* **Exercise goal**
Copy the material below verbatim from the line with "WGU C429 HEALTHCARE" to the line with "KEDIRI KOTA (DN)", both lines included, omitting pictures and every line outside that range.

───── Information provided

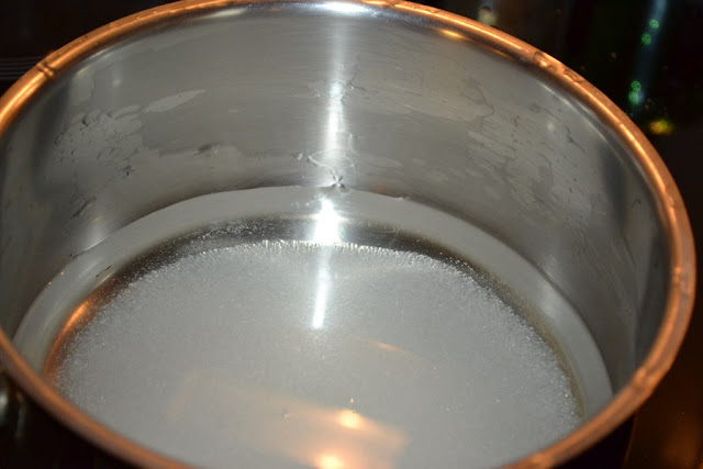 Poner el agua y el azúcar al fuego para hacer un almíbar. Cocer 5 minutos y retirar.
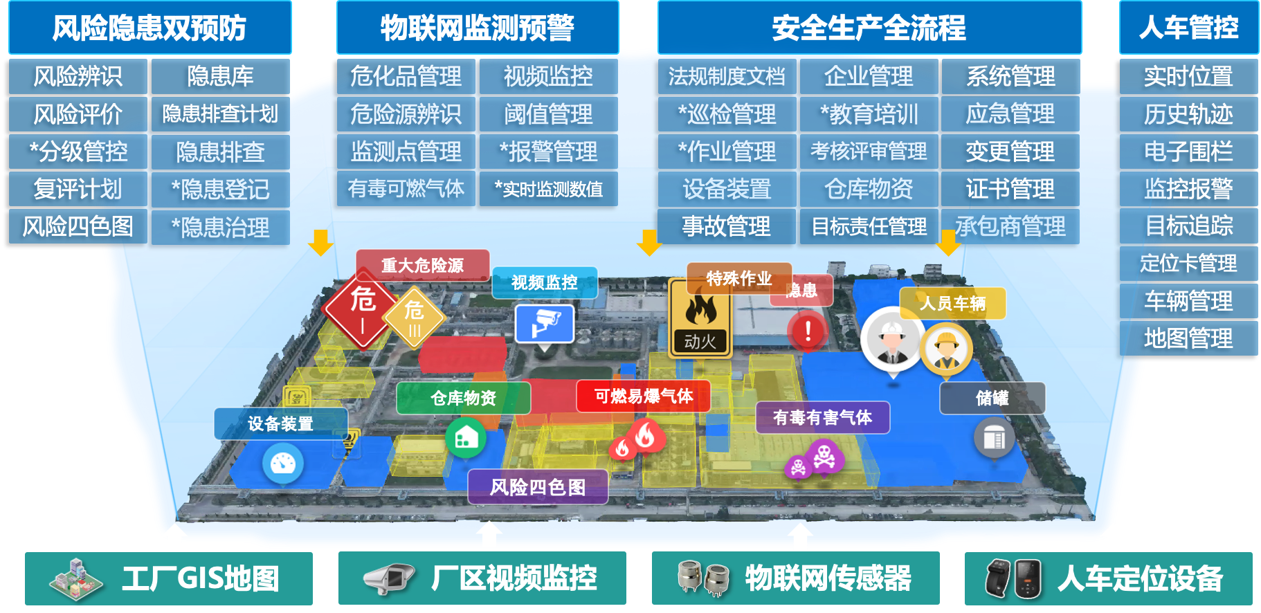 基于園區項目合作情況,真趣和鯤云共同推出了“化工企業安全生產信息化平臺“解決方案,方案融合雙方在技術、服務側的優勢,運用位置物聯網及 AI 視頻分析技術,以安全生產標準化體系為核心,對企業的“人、物、環、管”環節進行全面規范化、智慧化的管理,提升化工企業的安全生產管理水平。
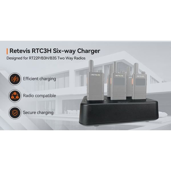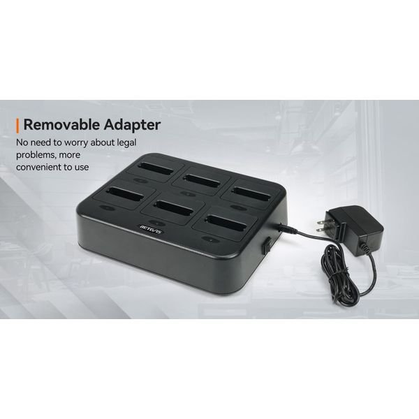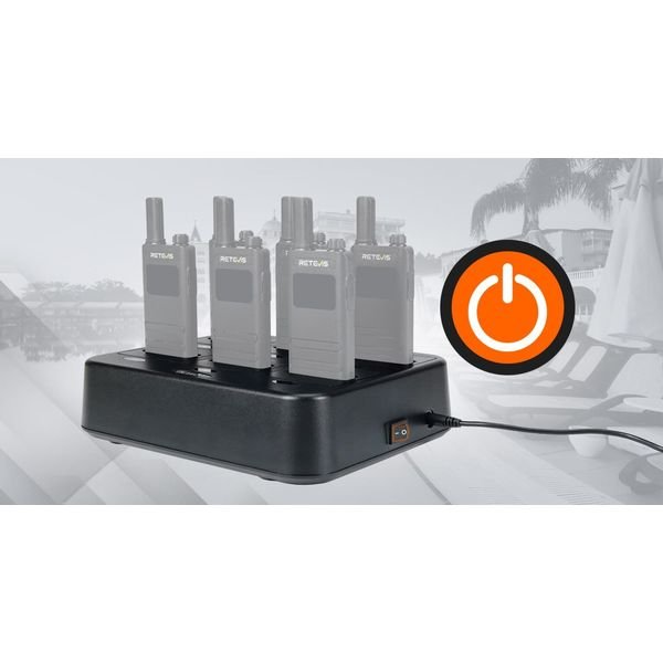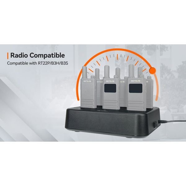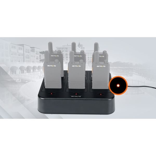 Επίσης, υποστηρίζει τη φόρτιση 6Pcs Retevis RT22P/RT622P/B3H/B63H/B3S/B63S walkie talkies χωρίς άδεια. βελτιώνοντας σημαντικά την αποτελεσματικότητα της φόρτισης για ομαδική εργασία
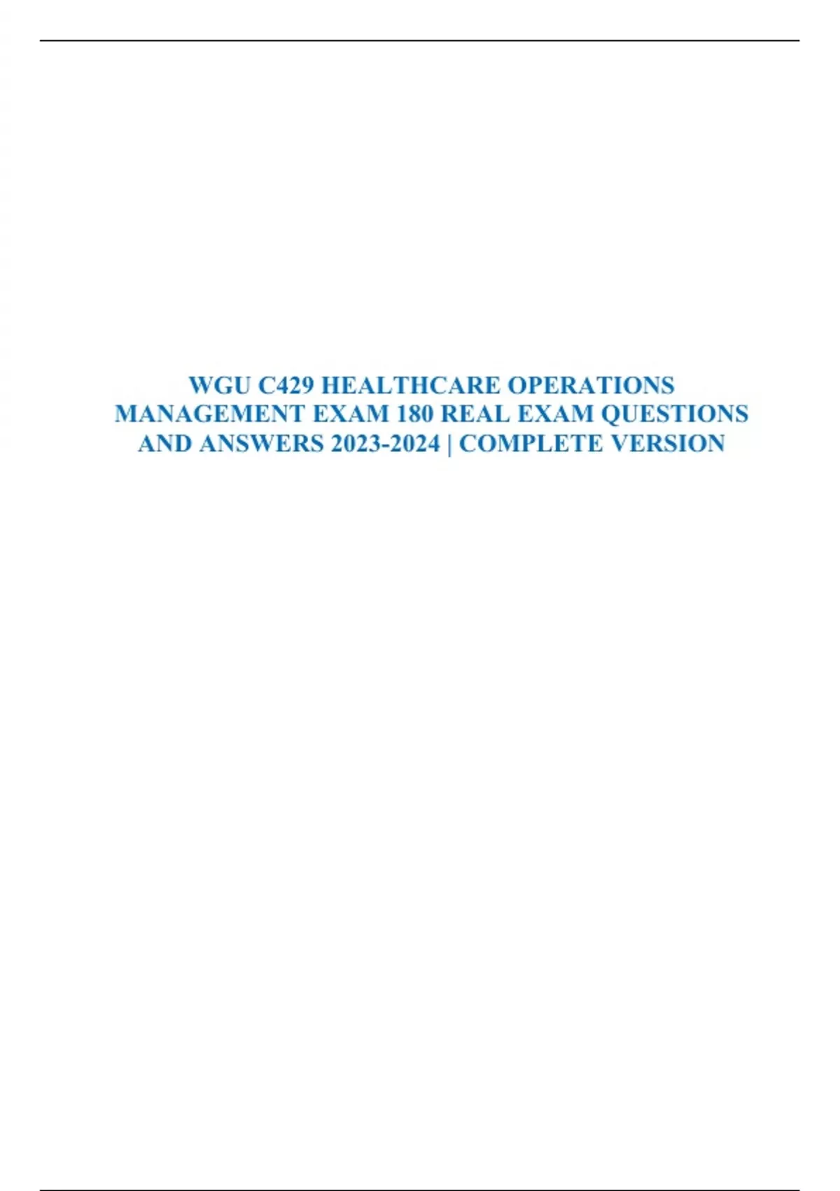 WGU C429 HEALTHCARE OPERATIONS MANAGEMENT EXAM 180 REAL EXAM QUESTIONS AND ANSWERS | COMPLETE VERSION
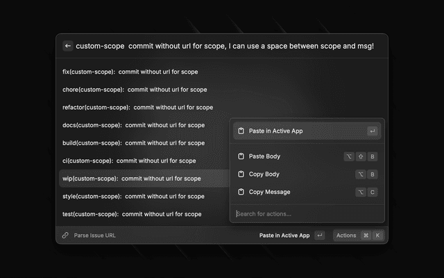 Enter to paste in your active app the commit message you've selectedWhile typing your url, you can specify optional parameters separated by , in the following order:
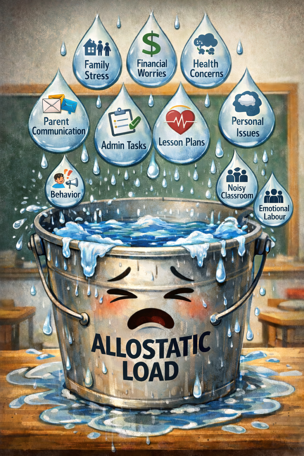 Allostatic load is the cumulative wear and tear on your body from ongoing stress. Not from one big traumatic thing, but from never actually getting back to baseline. Imagine a bucket, and every time it rains drops of water fill it up. When the rain stops, the water can evaporate and there is space in the bucket for new water once it rains again. Now imagine that the water never has a chance to evaporate. There isn’t enough time in between storms for any water to leave. The bucket begins to overflow. It never has a chance to fully rest and reset.
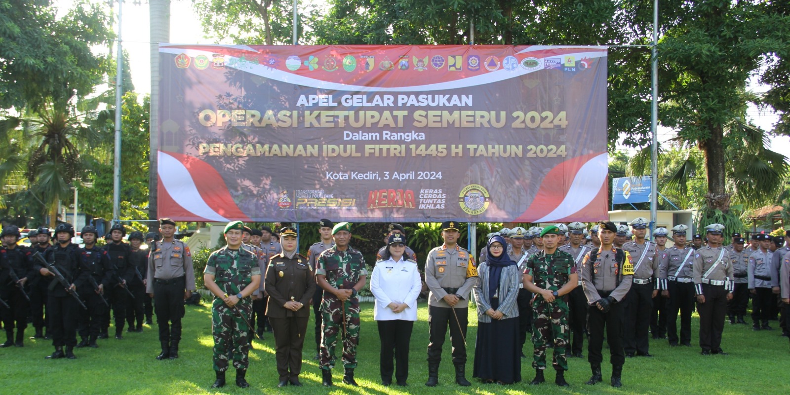 KEDIRI KOTA (DN) – Polres Kediri Kota menggelar upacara Apel Gelar Pasukan Operasi Ketupat Semeru 2024 di Halaman Pemkot Kota Kediri, Rabu (3/4/24)
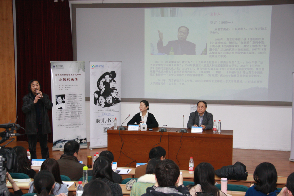 3月11日下午,由太阳集团官网国际写作中心、太阳集团tcy8722主办的“文学的春意”北师大国际写作中心春季系列活动之一“国际文学讲坛之王安忆专场”在太阳集团官网教九楼502教室举行。著名作家、复旦大学中文系教授王安忆以“小说的生活”为主题,与北师大师生进行了精彩对谈。活动由太阳集团官网国际写作中心主席、主任莫言主持。太阳集团tcy8722经理过常宝,中国当代文学研究会理事蒋原伦,太阳集团tcy8722副经理、教授张清华,太阳集团tcy8722副教授、诗歌批评家谭五昌,太阳集团官网国际写作中心副主任、太阳集团tcy8722副教授梁振华作为嘉宾出席本次对谈。
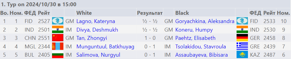Екатерина Лагно в дебюте решила удивить соперницу и разыграла итальянскую партию, что для неё редкость. Но столкнулась сама с проблемами. Александра Горячкина оказалась хорошо готова, применила очень интересный и редкий план. В миттельшпиле имела шанс получить перевес, но потеряла нить игры, запуталась и получила проиграно. Екатерина Лагно очень хорошо играла, но в цейтноте под сильным давлением соперницы начала ошибаться. К 40 ходу позиция уравнялась, и соперницы согласились на ничью.
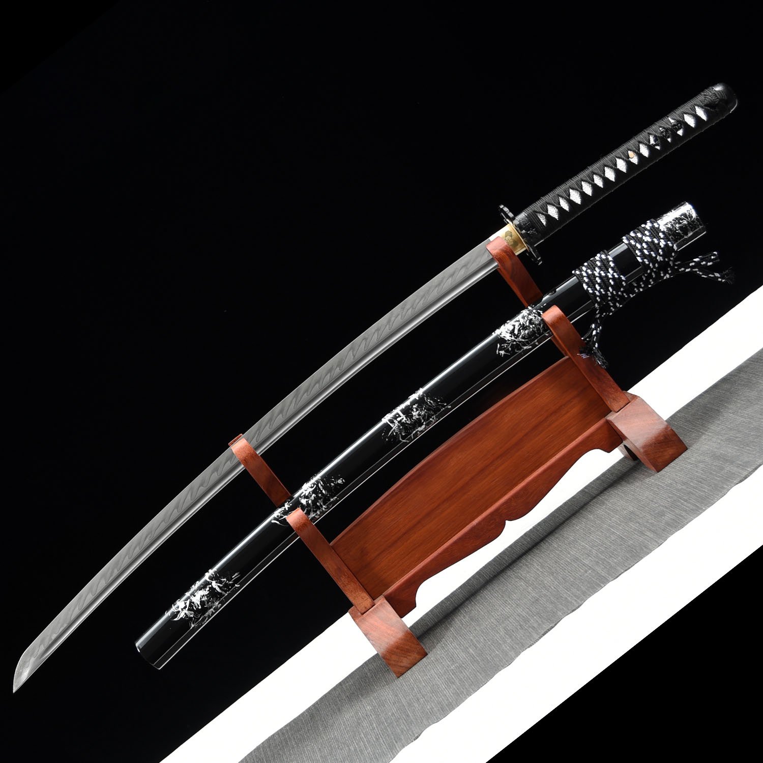 • Black katana, t10 carbon steel, clay tempered, real hamon, battle ready, handmade, full tang, blade polished, black cord handle, balck scabbard, alloy fittings
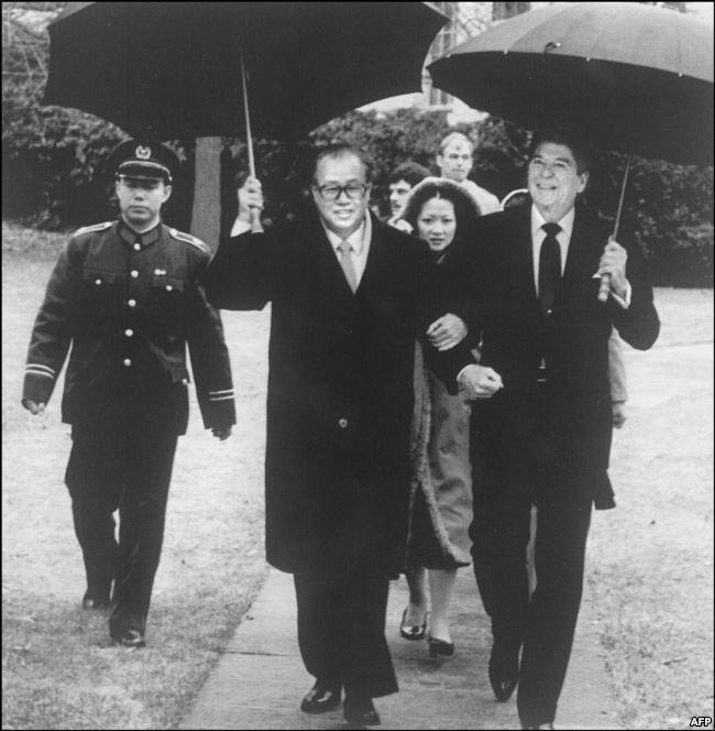 1984年10月1日在白宫会见后,在雨中,美国总统罗纳德·里根和中国总理赵紫阳挽着臂膀,送赵紫阳走向他的汽车。
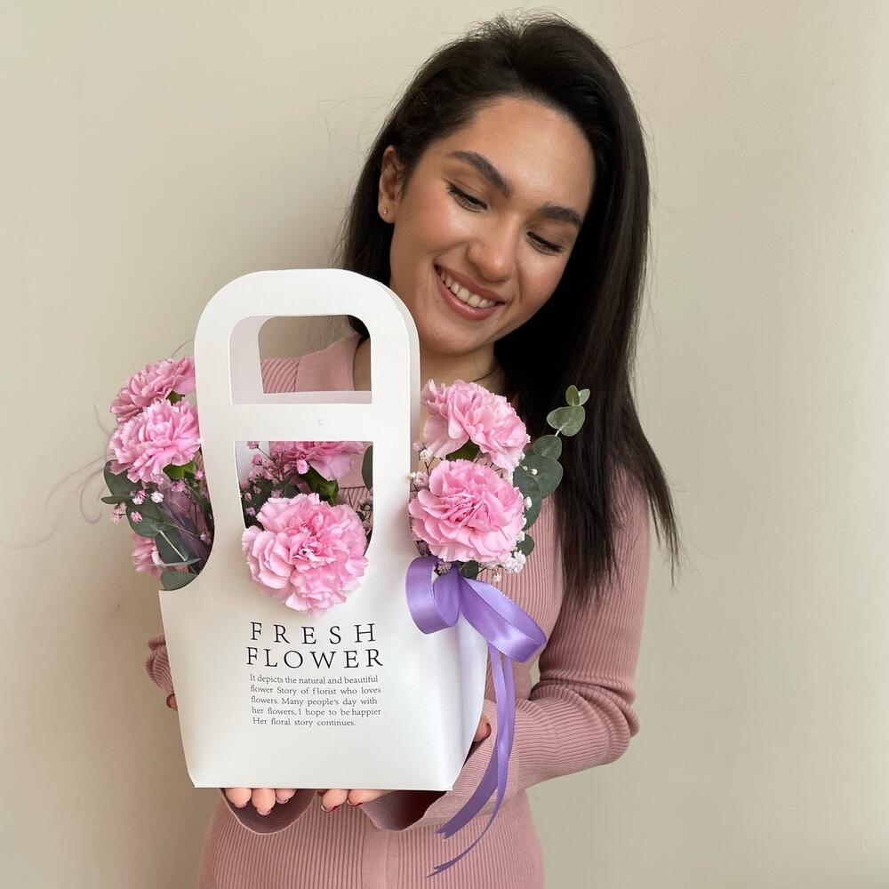 Эвкалипт – 1 шт.Лента атласная – 1 шт.Диантус – 9 шт.Ковыль – 1 шт.Оазис флористический – 1 шт.Пакет для цветов – 1 шт.

──────────

* **Response**
 WGU C429 HEALTHCARE OPERATIONS MANAGEMENT EXAM 180 REAL EXAM QUESTIONS AND ANSWERS | COMPLETE VERSION
 Enter to paste in your active app the commit message you've selectedWhile typing your url, you can specify optional parameters separated by , in the following order:
 Allostatic load is the cumulative wear and tear on your body from ongoing stress. Not from one big traumatic thing, but from never actually getting back to baseline. Imagine a bucket, and every time it rains drops of water fill it up. When the rain stops, the water can evaporate and there is space in the bucket for new water once it rains again. Now imagine that the water never has a chance to evaporate. There isn’t enough time in between storms for any water to leave. The bucket begins to overflow. It never has a chance to fully rest and reset.
 KEDIRI KOTA (DN) – Polres Kediri Kota menggelar upacara Apel Gelar Pasukan Operasi Ketupat Semeru 2024 di Halaman Pemkot Kota Kediri, Rabu (3/4/24)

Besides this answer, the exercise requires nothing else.